Let $v$ be a vector, $\alpha$ a one-form, and $c$ a number. A vector gives a map from one-forms to numbers, $$\alpha \mapsto v(\alpha)$$ but it also gives a map from numbers to vectors, $$c \mapsto c v.$$ Similarly, a $(1, 1)$ tensor $T$ gives a map from a vector and covector to numbers, $$(\alpha, v) \mapsto T(\alpha, v).$$ But it also gives a map from vectors to vectors, $$v \mapsto T(\cdot, v).$$ To see that the output here is a vector, note that it gives a map from one-forms to numbers, $$\alpha \mapsto T(\alpha, v).$$ By continuing with this, you can also use a $(1, 1)$ tensor to define a map from covectors to covectors, or numbers to a vector and covector, and so on.

To avoid having to associate the exact same object with a ton of different maps, physicists use index notation.

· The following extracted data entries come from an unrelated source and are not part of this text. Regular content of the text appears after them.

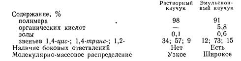Сравнительные свойства растворных бутадиен-стирольных каучуков и каучуков, получаемых эмульсионной полимеризацией (типа СКС-30 АРК), приводятся ниже [4]:
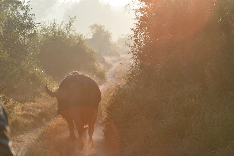 One of the Big 5 in Africa, the Cape Buffalo is one of the most dangerous. As we were on a game drive in the morning, we found this Buffalo walking along the path and we were careful to ensure it was not startled. Our guide told us that the Cape buffalo is the most dangerous of the Big 5 (Elephant, lion, Cape buffalo, rhino, and leopard) because they do not have a warning before they charge.
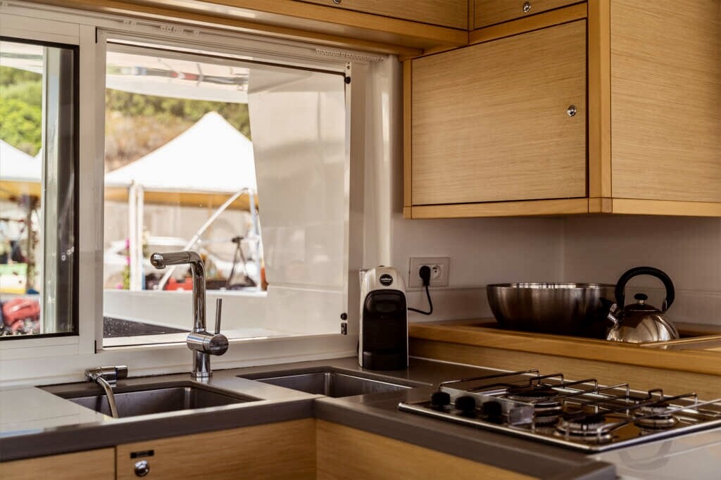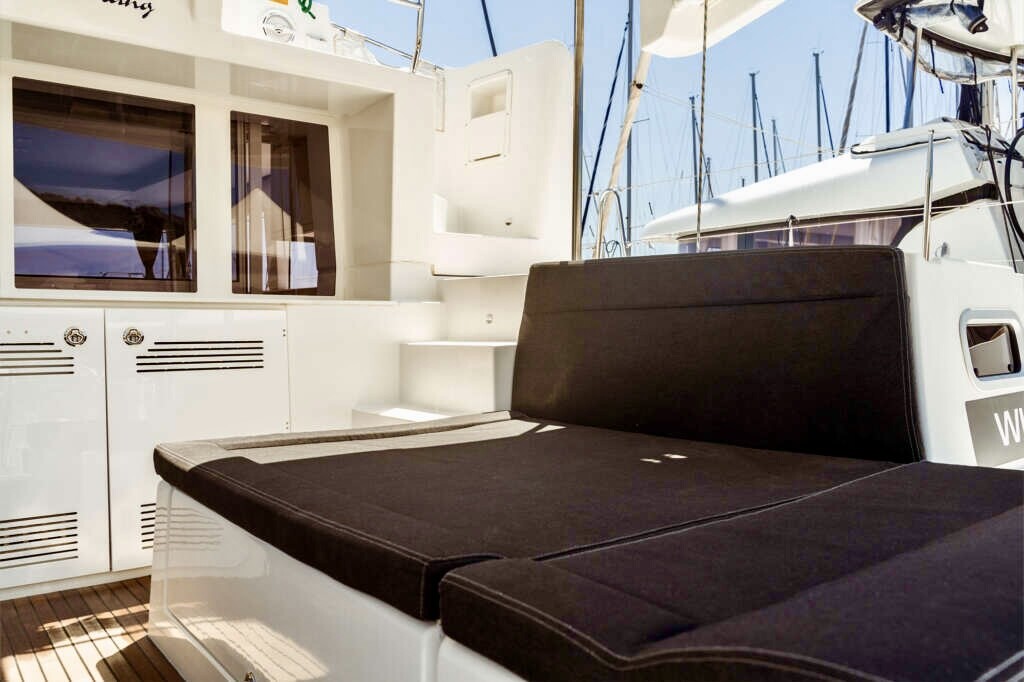Catamaran Lagoon 450 F EmoSEAon, built in 2018 is anchored in the Lefkas, D-Marin, Greece - Ionian Islands, Greece. It has 4 + 1 cabins, can accommodate 10 + 2 people and has 4 + 1 toilets. Bed linen and kitchen equipment are included in the price.
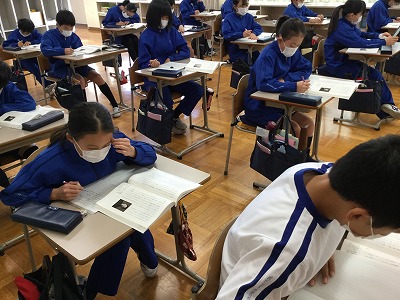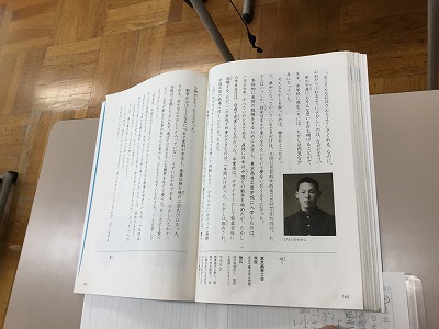 たかし自身が徴兵される前の小段落から印象に残る文章を選んだ人と、戦地/戦後の小段落から印象に残る文章を選んだ人と、はっきり半分に別れていました。自分の思いをノートに書き、周りの友達と共有することで、伝記の読み取りに自信を持ってもらいたいと考えています。
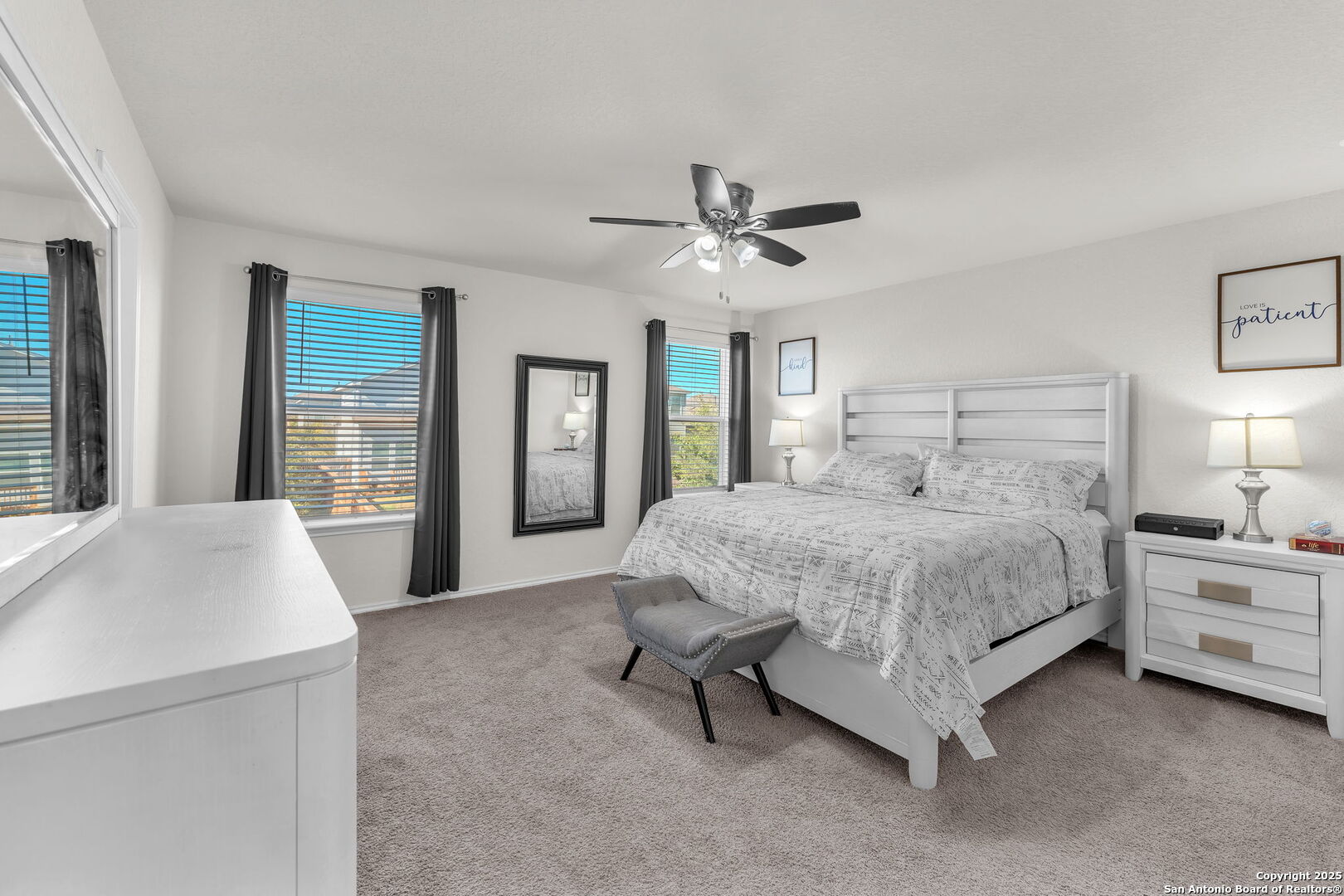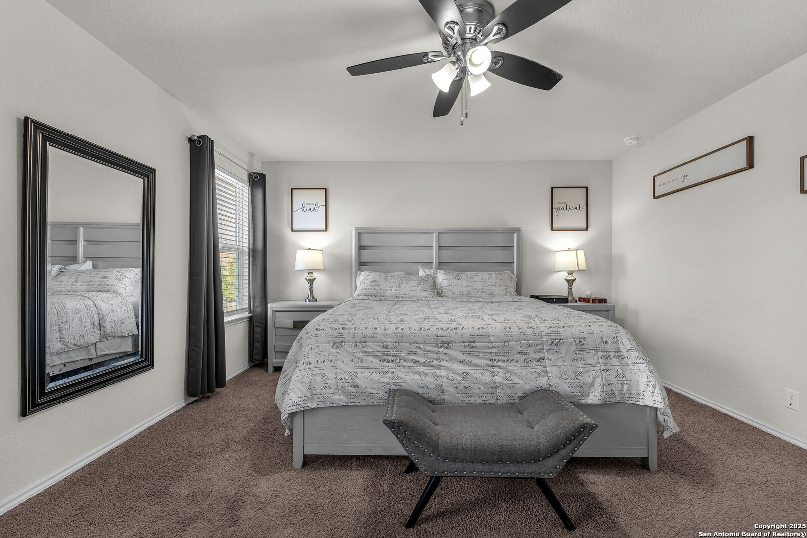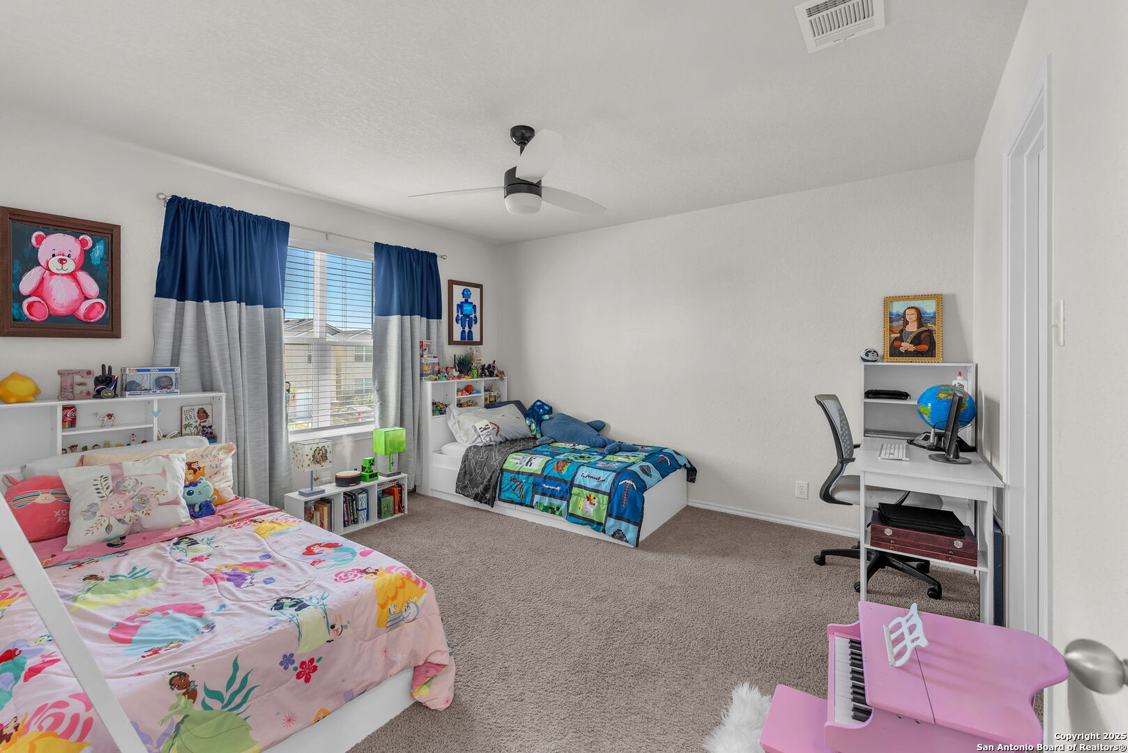 **ASSUMABLE VA LOAN**Refrigerator & Water Softener are negotiable.** Welcome home! This modern two-story home located in the desirable Red Bird Ranch Community features an open-concept main level includes a spacious living area, dining space, and a kitchen with granite countertops and smart home features. A guest bedroom and full bathroom are also located downstairs for convenience. Upstairs offers a large loft or game room, the primary suite with a walk-in closet, and two additional bedrooms. The home sits on a spacious lot with a fenced backyard and covered patio. It offers modern design, low maintenance, and energy efficiency. Located in the Northside ISD, this home combines comfort, technology, and family-friendly living in a growing area of San Antonio. Close to shopping and about 25 minutes commute to Lackland Air Force Base.
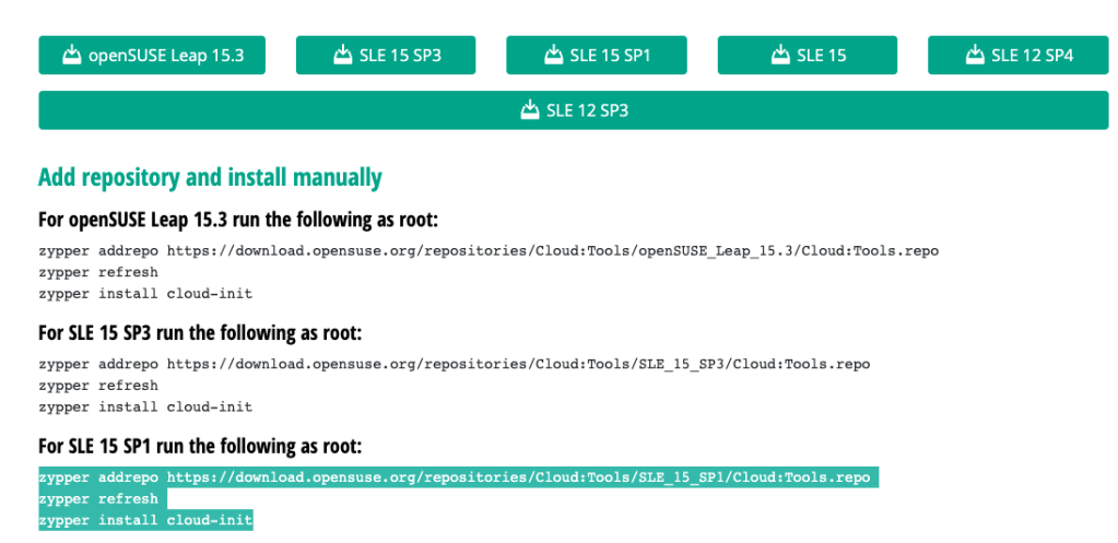 3. Una vez instalados todos lo paquetes listados anteriormente. Proceda a instalar el cloud-init como lo indica la documentación oficial de SUSE cloud-init from Cloud:Tools. De nuevo puede apoyarse de la web para buscar el comando correcto de acuerdo a su version de SUSE.
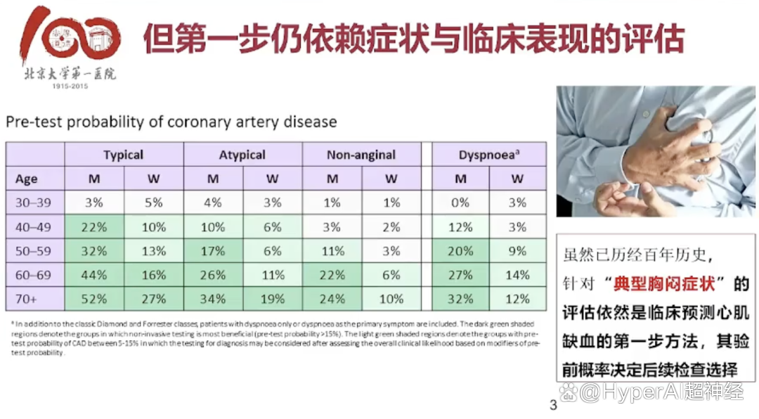 欧洲对于临床稳定的冠心病病人诊断流程中,首先是判断症状是否典型。如果是典型的心绞痛症状,一般而言,医生即使不做任何检查,也有较高的把握判断其是否患病。这有点类似于中医大夫「望闻问切」的基本功。这个案例其实是诊前的可能性,即根据病人的症状判断病人后续患病的可能性有多大、下一步该做什么检查。
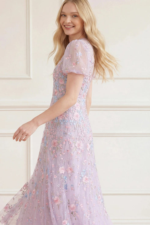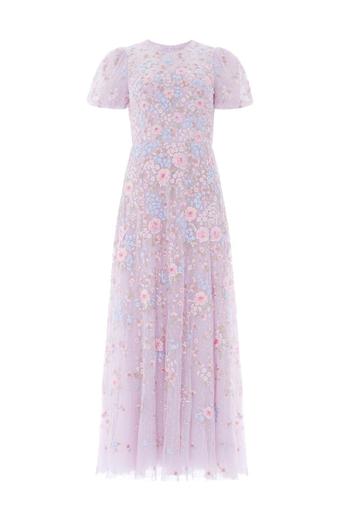 NEW SEASON. The Peony Bouquet Round Neck Ankle Gown in Powder Lilac/Multi. This romantic gown features intricate floral embroidery derived from early 1900s artwork, cascading gently towards the hem. Finished with a round neckline and flowing ankle-length skirt for timeless elegance.

In this notation, the five preceding maps take the form $$\alpha_i \mapsto v^i \alpha_i, \quad c \mapsto c v^i, \quad (\alpha_i, v^j) \mapsto T^i_j \alpha_i v^j, \quad v^i \mapsto T^i_j v^j, \quad \alpha_i \mapsto (T^i_j v^j) \alpha_i.$$ From this you can get the general pattern, which is that a $(n, m)$ tensor can act on a $(n', m')$ tensor to yield a $(n+n'-k, m+m'-k)$ tensor where $k$ is the number of upstairs/downstairs index pairs that are contracted.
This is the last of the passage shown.